Provided data:

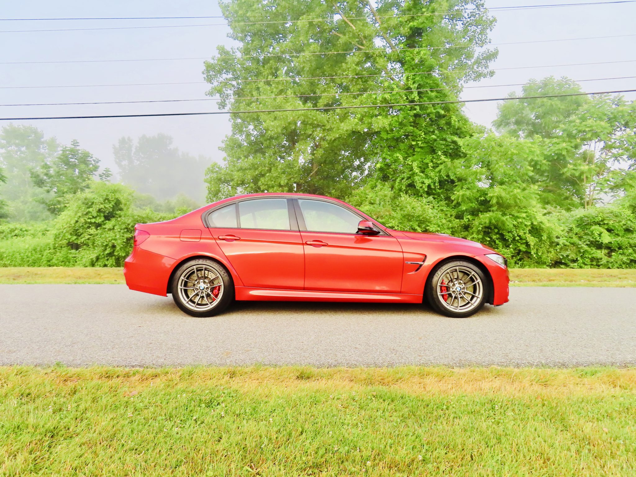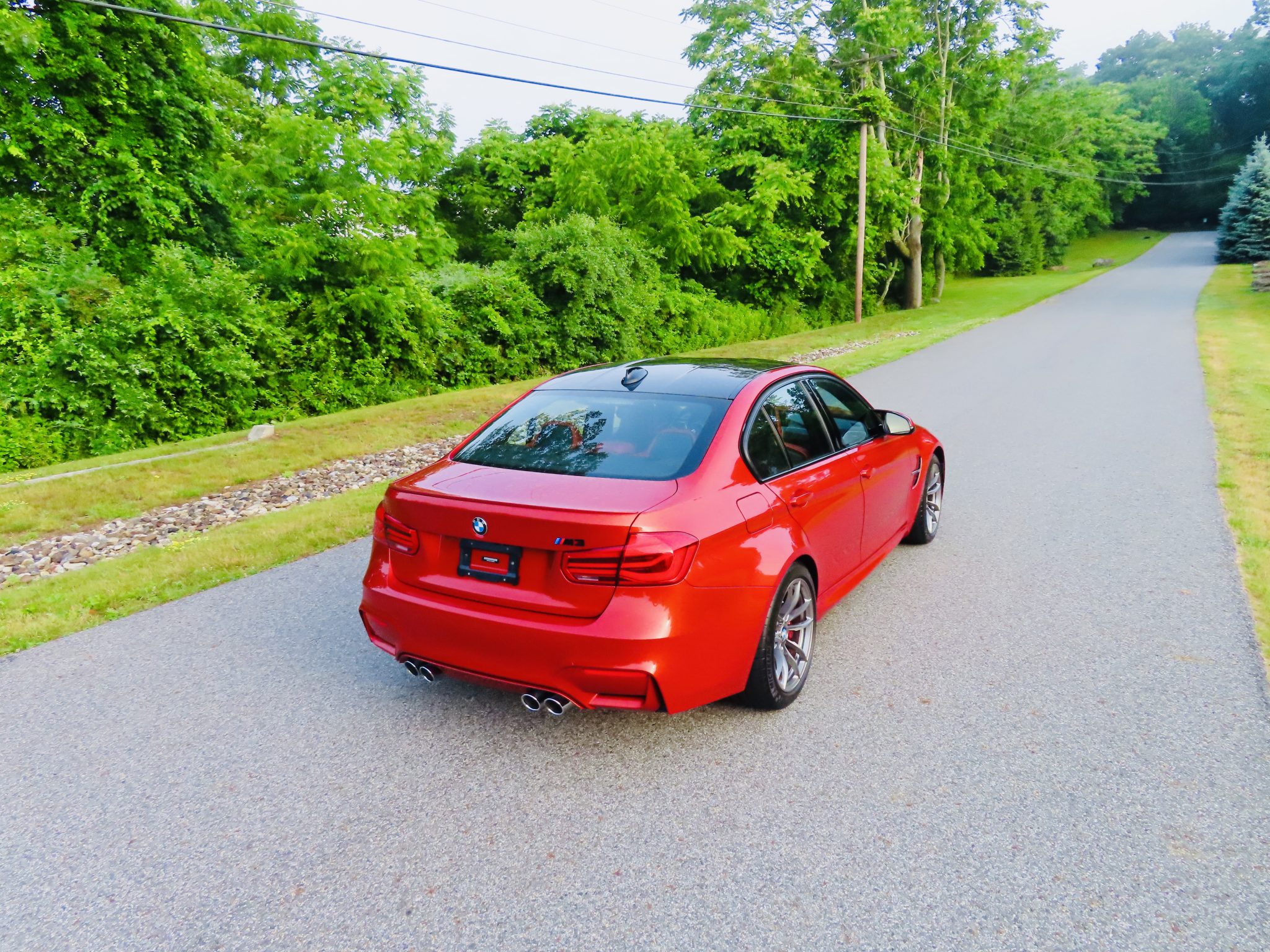 This 2017 BMW M3 was leased by its first registered owner in New York, and it was acquired by the selling dealer in May 2020 with just over 20k miles. The car is finished in Sakhir Orange II Metallic over Sakhir Orange and black extended leather, and it is powered by a twin-turbocharged 3.0L S55 inline-six paired with a six-speed manual transmission. Equipment includes front and rear heated seats, a heated steering wheel, WiFi hotspot, adaptive LED headlights, rain-sensing windshield wipers, Adaptive M Suspension, and Park Distance Control. Service in March 2020 included a brake fluid flush, an oil change, and replacement of a ball joint, front axle wishbone, and spark plugs. This F80 M3 is now offered in New York with a Davis report, a clean Carfax report, and a clean Pennsylvania title. The F80 M3 features fender vents, unique bumpers, and wider bodywork than the standard 3-series. This example is finished in Sakhir Orange II Metallic (C1H) with Shadowline trim and features a carbon fiber roof panel, an aluminum hood, and aluminum front fenders, along with adaptive LED headlights, rain-sensing windshield wipers, and Park Distance Control. The Carfax report shows no accidents or other damage, and photos of paint meter readings are provided in the gallery. Factory 18″ Style 513 wheels are fitted with Michelin Pilot Super Sport tires measuring 255/40 up front and 275/40 out back with 2016 date codes. Service in March 2020 included a brake fluid flush and replacement of a ball joint and the front axle wishbone. The cabin is upholstered in Sakhir Orange with black Merino extended leather (LKDA), with matching door panels, a black leather-covered dashboard, and black carpets. Additional features include carbon fiber trim with black chrome accents, heated front and rear seats, WiFi hotspot, a head-up display, a backup camera, a Harman Kardon surround sound system, and more. The heated multi-function steering wheel frames factory instrumentation including a 200-mph speedometer, an 8,500-rpm tachometer, and a configurable digital display. The digital odometer shows just over 20k miles, a handful of which were added by the selling dealer. A driving video can be viewed above. The twin-turbocharged 3.0L S55 inline-six is factory-rated at 425 horsepower and 406 lb-ft of torque, which is sent to the rear wheels through a six-speed manual transmission. Service in March 2020 included an oil change and replacement of the spark plugs and engine air filter. Additional underside photos can be viewed in the gallery. The June 2020 Carfax report lists no accidents or other damage and shows history in New York and New Jersey from a single registered owner. An exterior walk-around video is provided above, while a video featuring engine bay and interior details can be viewed below.
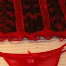 Guepiere nera trasparente con nastrino rosso...
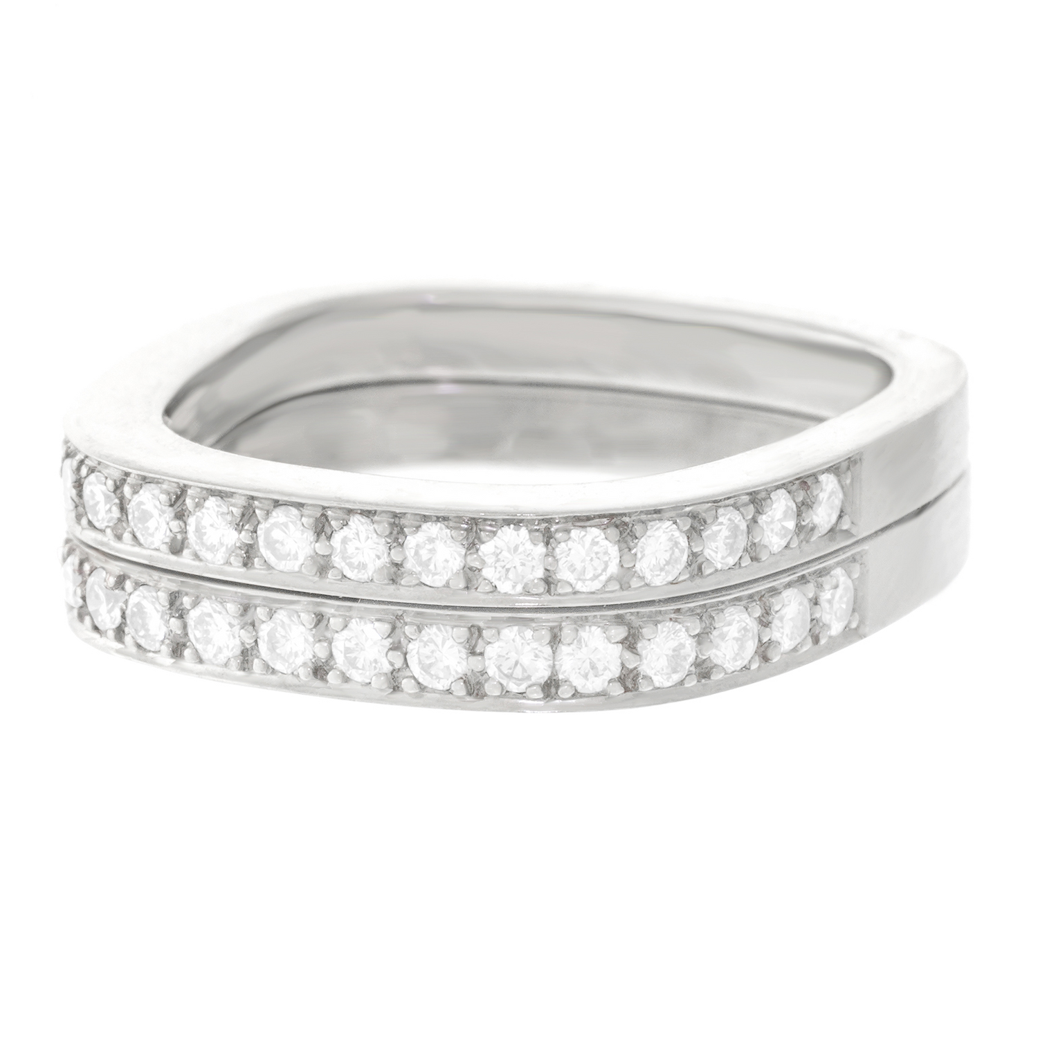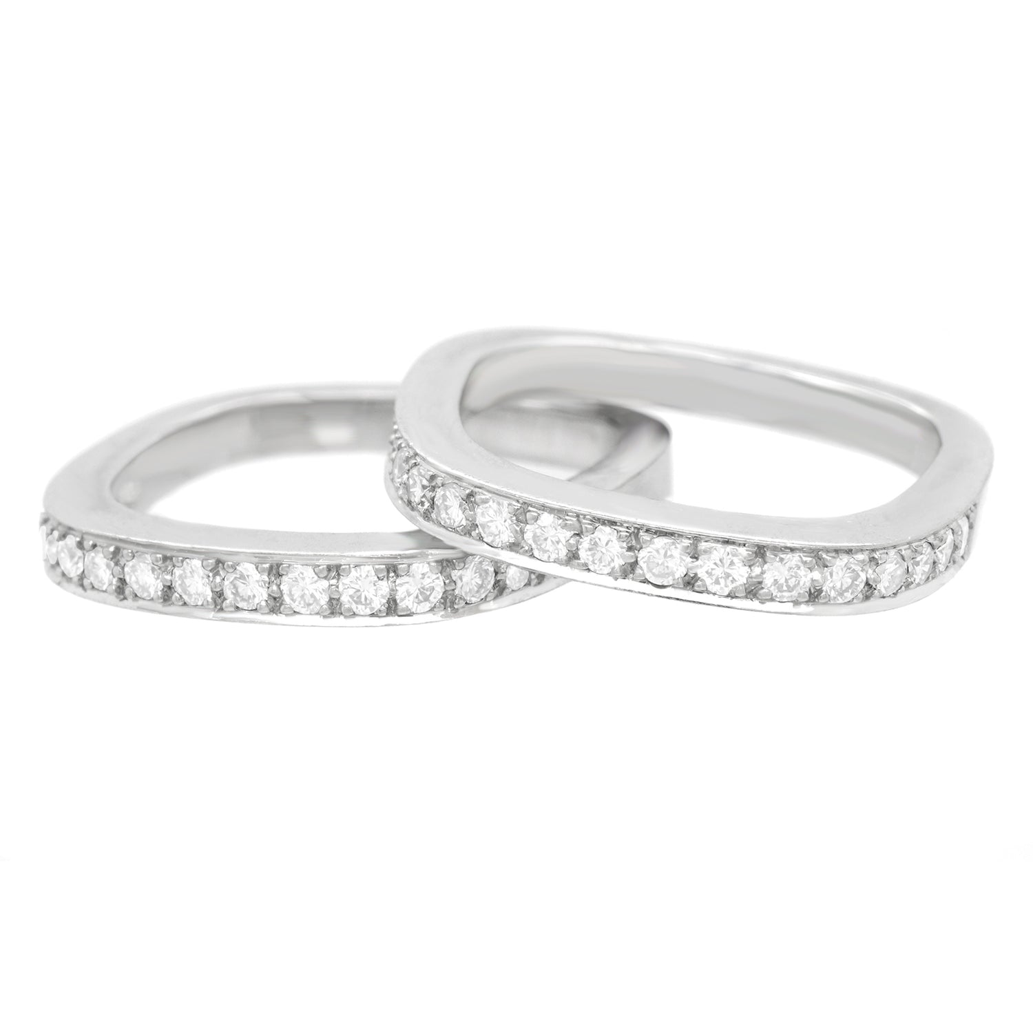 Circa 1970s, 18k, by Trudel, Zurich Switzerland. This pair of square-shaped rings are set with .64 carats of impeccable, brilliant white diamonds (F color, VS clarity). Replete in their elegant postmodern idiom, the pair is visually arresting and smartly au courant. From the renowned Zurich firm, Trudel, they are sleek, fun, and easy to wear. Excellent condition.

Exercise directions: Would you retype all the lines shown above, exactly as written and without any picture?

Response for this exercise:
 This 2017 BMW M3 was leased by its first registered owner in New York, and it was acquired by the selling dealer in May 2020 with just over 20k miles. The car is finished in Sakhir Orange II Metallic over Sakhir Orange and black extended leather, and it is powered by a twin-turbocharged 3.0L S55 inline-six paired with a six-speed manual transmission. Equipment includes front and rear heated seats, a heated steering wheel, WiFi hotspot, adaptive LED headlights, rain-sensing windshield wipers, Adaptive M Suspension, and Park Distance Control. Service in March 2020 included a brake fluid flush, an oil change, and replacement of a ball joint, front axle wishbone, and spark plugs. This F80 M3 is now offered in New York with a Davis report, a clean Carfax report, and a clean Pennsylvania title. The F80 M3 features fender vents, unique bumpers, and wider bodywork than the standard 3-series. This example is finished in Sakhir Orange II Metallic (C1H) with Shadowline trim and features a carbon fiber roof panel, an aluminum hood, and aluminum front fenders, along with adaptive LED headlights, rain-sensing windshield wipers, and Park Distance Control. The Carfax report shows no accidents or other damage, and photos of paint meter readings are provided in the gallery. Factory 18″ Style 513 wheels are fitted with Michelin Pilot Super Sport tires measuring 255/40 up front and 275/40 out back with 2016 date codes. Service in March 2020 included a brake fluid flush and replacement of a ball joint and the front axle wishbone. The cabin is upholstered in Sakhir Orange with black Merino extended leather (LKDA), with matching door panels, a black leather-covered dashboard, and black carpets. Additional features include carbon fiber trim with black chrome accents, heated front and rear seats, WiFi hotspot, a head-up display, a backup camera, a Harman Kardon surround sound system, and more. The heated multi-function steering wheel frames factory instrumentation including a 200-mph speedometer, an 8,500-rpm tachometer, and a configurable digital display. The digital odometer shows just over 20k miles, a handful of which were added by the selling dealer. A driving video can be viewed above. The twin-turbocharged 3.0L S55 inline-six is factory-rated at 425 horsepower and 406 lb-ft of torque, which is sent to the rear wheels through a six-speed manual transmission. Service in March 2020 included an oil change and replacement of the spark plugs and engine air filter. Additional underside photos can be viewed in the gallery. The June 2020 Carfax report lists no accidents or other damage and shows history in New York and New Jersey from a single registered owner. An exterior walk-around video is provided above, while a video featuring engine bay and interior details can be viewed below.
 Guepiere nera trasparente con nastrino rosso...
 Circa 1970s, 18k, by Trudel, Zurich Switzerland. This pair of square-shaped rings are set with .64 carats of impeccable, brilliant white diamonds (F color, VS clarity). Replete in their elegant postmodern idiom, the pair is visually arresting and smartly au courant. From the renowned Zurich firm, Trudel, they are sleek, fun, and easy to wear. Excellent condition.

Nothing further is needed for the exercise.